## WHAT IS BEING ASKED
From the first line to the last, give the material again exactly, without the images.

## DATASET CONTENT
—————
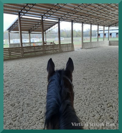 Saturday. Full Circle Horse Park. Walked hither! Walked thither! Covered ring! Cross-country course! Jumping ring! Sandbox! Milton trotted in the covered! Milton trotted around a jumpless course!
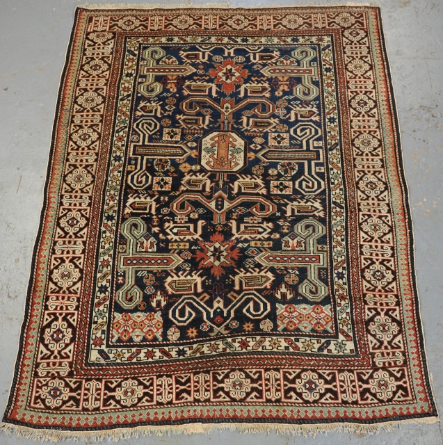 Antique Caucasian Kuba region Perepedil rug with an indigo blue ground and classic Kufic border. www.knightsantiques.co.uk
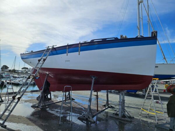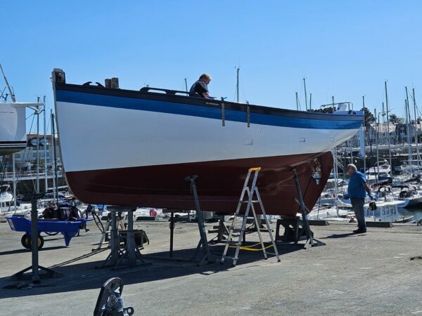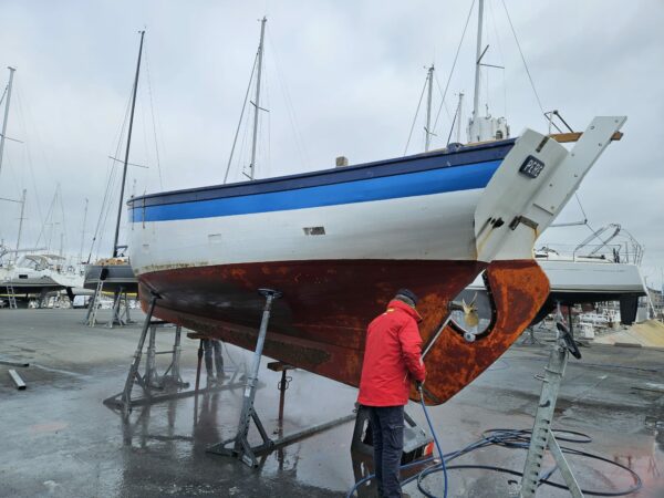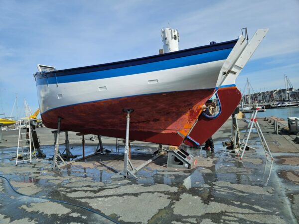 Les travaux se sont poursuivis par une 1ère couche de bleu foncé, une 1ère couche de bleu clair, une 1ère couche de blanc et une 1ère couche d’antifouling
—————
## RESPONSE AREA
 Saturday. Full Circle Horse Park. Walked hither! Walked thither! Covered ring! Cross-country course! Jumping ring! Sandbox! Milton trotted in the covered! Milton trotted around a jumpless course!
 Antique Caucasian Kuba region Perepedil rug with an indigo blue ground and classic Kufic border. www.knightsantiques.co.uk
 Les travaux se sont poursuivis par une 1ère couche de bleu foncé, une 1ère couche de bleu clair, une 1ère couche de blanc et une 1ère couche d’antifouling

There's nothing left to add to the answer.